Okay… thanks Gary for the note about me neglecting my diary. It’s true… maybe I just got too comfy biching about schtuff???? xo

matt damon? incoherant rant? you decide!

I have been poor in my updates on the diary. My energy has been going in different directions and alll and nothing has been directed in any really positive direction. I am so upsidedown these days that I am still in the same place.

I know it probably does not make sense. It’s late and I am getting ready for bed. Adolfo pooped out 2 hours ago after we watched the Bourne Supremacy. I watched Bourne Ultimatum last week and am obsessed with this sotry line that I am thinking it is time I read the books.

Cool news is that they are making the third movie; Bourne Ultimatum. This is according to Julia Stiles on a recent interview I was watching. I am so thrilled. I have come to terms that Matt will not eventually fall in love with me and support me as his live in lover.

Adolfo is well. We are winging this realtionship every week/ I am never happy and am generally a poop spinning in my own shit. I keep thinking I am going to leave everything (Adolfo, Las vegas, the damn Venetian Hotel) and move to Washington State. It’s just I have no balls anymore. Ugh!

Anyway… this is just a rant because I felt I needed to make an entry before bed tonight. XO

Things….

I just read the Newsweek article above about Mary Magdaline. As you know, I also recently read the DaVinci Code. As much as I know Dan wrote a great fiction book, there are factors about the whole Mary Magdaline thing that really bother me. It infuriates me that people like St. Peter and homophobe Paul effectively created a church with their own prejudices and disrespect of women. I have to wonder HOW I would feel about Christians and Women if they had accepted Mary as a respected apostle?

I believe whole heartedly there was a cover up and clear prejudice against females in the Christian church because.. well, that was the way of the day. We (humans) have used those same prejucdices over time against anyone we chose… including women, blacks, immagrants and queers… demonizing them.

For personal gain… for that matter!
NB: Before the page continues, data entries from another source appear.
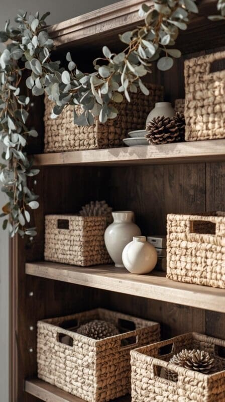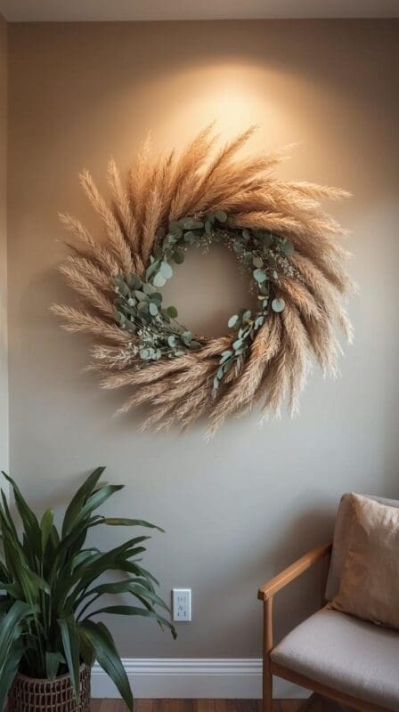 Why it works: Plants, garlands, and dried flowers create a fresh yet rustic atmosphere. Eucalyptus sprigs, pampas grass, and pinecones bring seasonal cheer without overwhelming the space.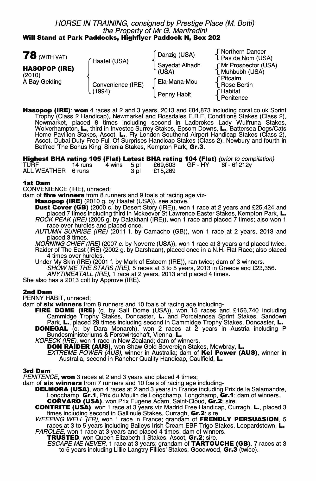 February Sale 2015 lot 222, Prestige Place (M. Botti)=>Horse France Ireland 11,000 gns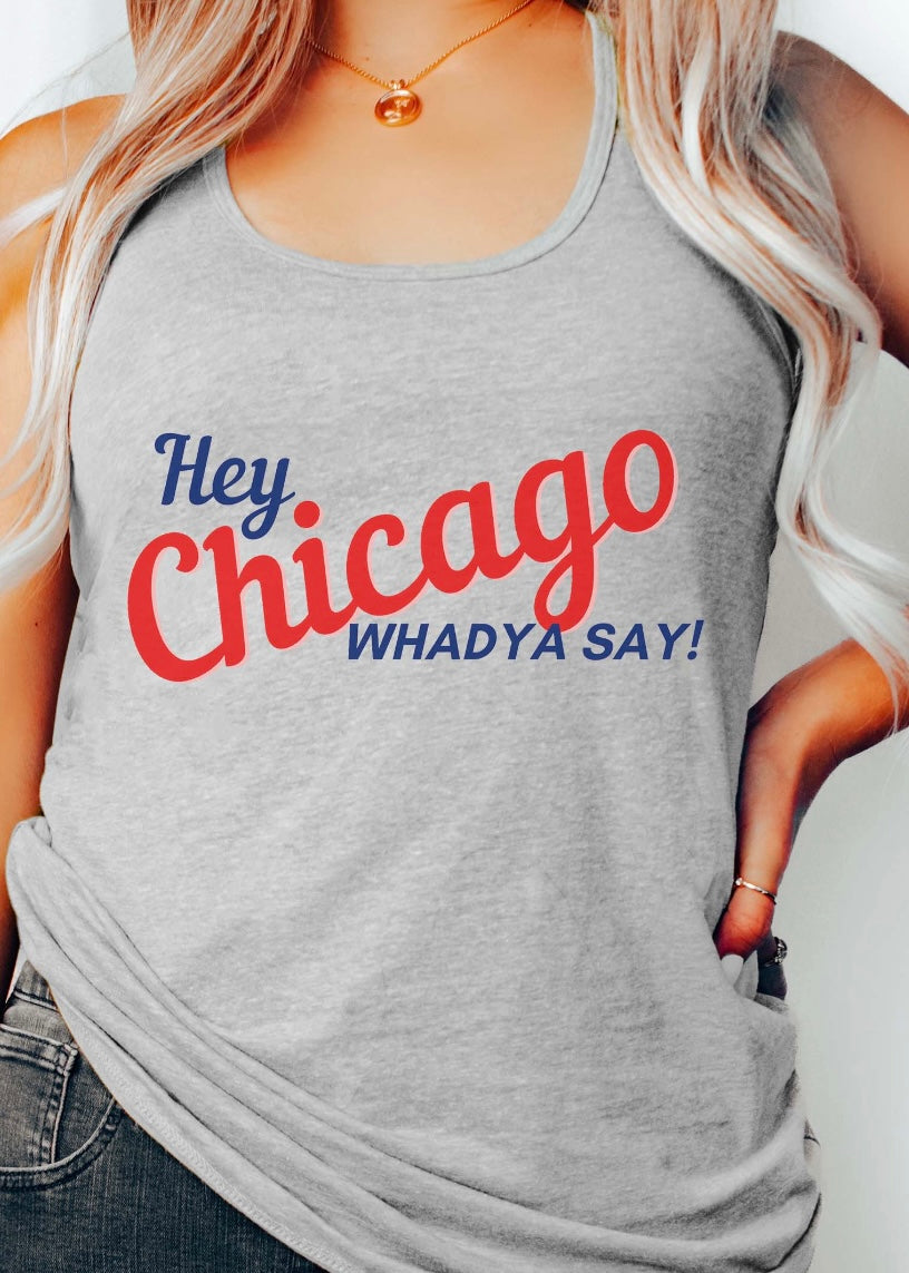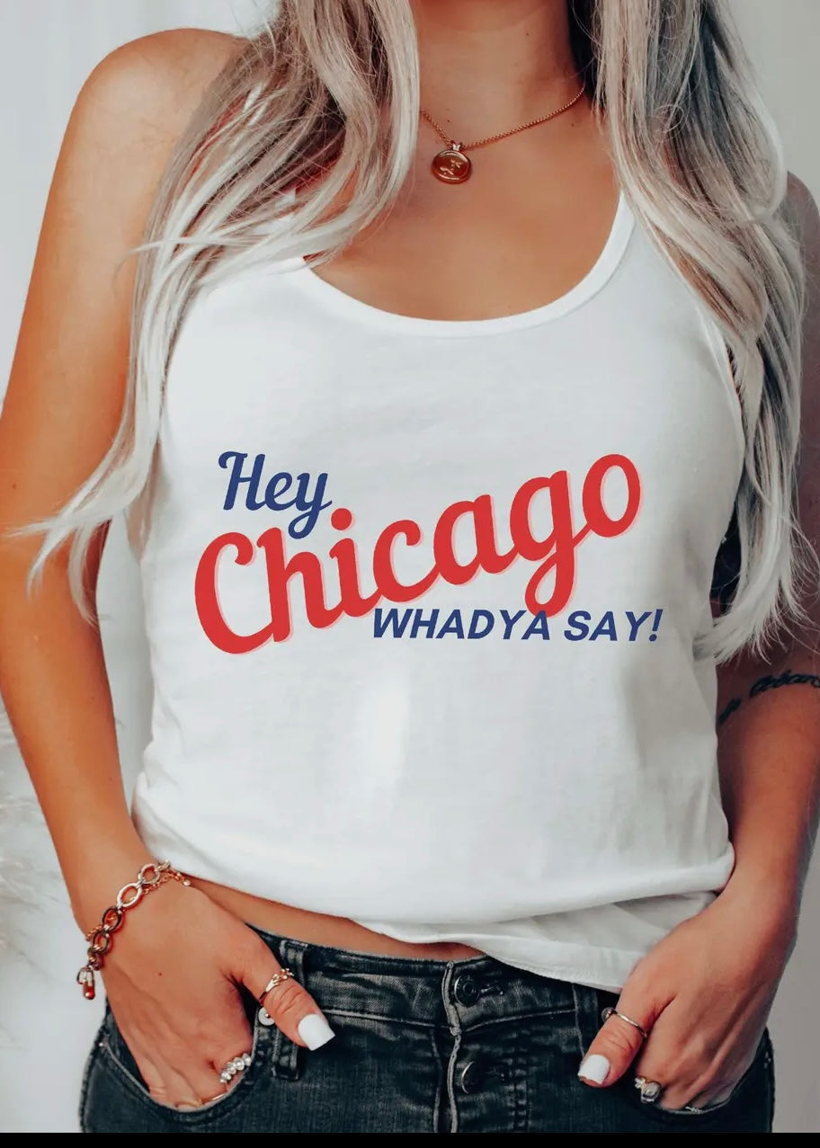 Let your Cubs pride shine in our "Hey Chicago Whadya Say" Graphic Tank! ⚾ Whether you’re chanting along at Wrigley, catching the game at home, or just repping the Northside in style, this tank is a true fan favorite. Made from super-soft, breathable fabric with a flattering, relaxed fit, it’s perfect for those warm summer days, game nights, or casual weekends with the crew.

Why pay attention to Irag or the Gas Crisis when we can hate foriegners? – Bushisms

Iam not a person who particulary repsects women as a whole… I am being honest. I don’t think 90% of them belong in business and are capable of conducting business. I have known some really KICK ASS women in my day though… Rosa, Cynthia, and more.
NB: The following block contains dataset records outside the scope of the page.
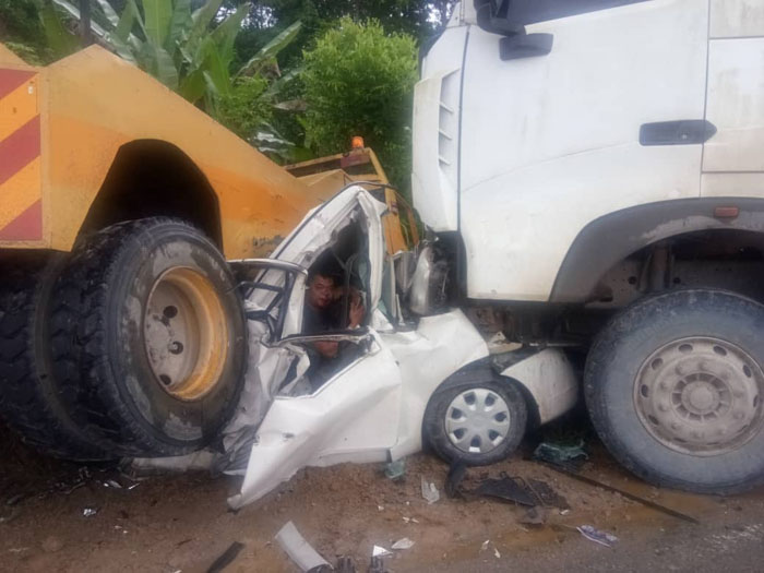 (古晋4日讯)斯里阿曼、木中省路段,靠近瑟拉邦马立,周二下午发生严重车祸,两辆罗厘相撞,将轿车夹撞在中间,酿3死3重伤悲剧。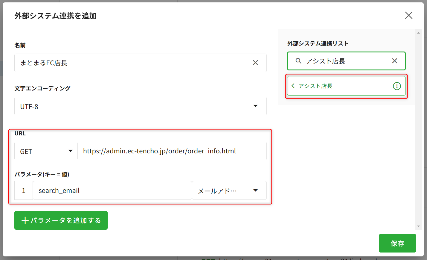 (アシスト店長にアクセスした際のURLに記載されています。)入力が完了しましたら [保存] をクリックしてください。
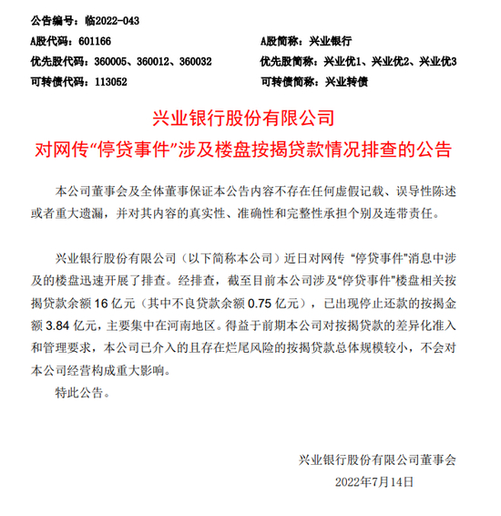 兴业银行公告:兴业银行股份有限公司(以下简称本公司)近日对网传“停贷事件”消息中涉及的楼盘迅速开展了排查。经排查,截至目前本公司涉及“停贷事件”楼盘相关按揭贷款余额16亿元(其中不良贷款余额0.75 亿元),已出现停止还款的按揭金额3.84 亿元,主要集中在河南地区。得益于前期本公司对按揭贷款的差异化准入和管理要求,本公司已介入的且存在烂尾风险的按揭贷款总体规模较小,不会对本公司经营构成重大影响。

But…. this is a seriously huge wrong on this planet.

today is Friday/aka Monday

Today is my Monday at work. Today is a good day. No real drama. Lot’s of good energy floating around… which is good. There is a guy at work I don’t like, but we are not butting heads.

Today I got up and I had Special K Red Berries and a Yogurt for breakfast.

Then I got dressed and went to the gym where I had a good workout. I did my sit-up routine, stairmaster for 30, treadmill for 20… I was soaking wet from sweat after.

I showered and shaved. No small feat because I am now shaving my whole body daily for that smooth, silky look. Feels good unless I knick myself.

Then I went to the tanning salon and microwaved myself for 10 minutes to finish with a warm and toasty glow.

Trotted off to work in the Venetian. Parking is always a bitch here.

Showed up at work and they had pizza here. Cold, old 6 hour past prime pizza that was completely unedible. I would imagine the health department would shit if they saw this.

Anyway, I hear they are supposed to be bringing fresh pizza later on… I’m not touching it. I am fat enough as it is and since I seem to be losing a couple pounds here and there I need any headway I can get.

Adolfo is well. We are okay. We still have big problems but we seem to be surviving them in so far.

I sent my mom her Mother’s Day thingy on Monday and she got it on Wednesday already.

I sent schtuff to my dad and step mom and I have not heard from them.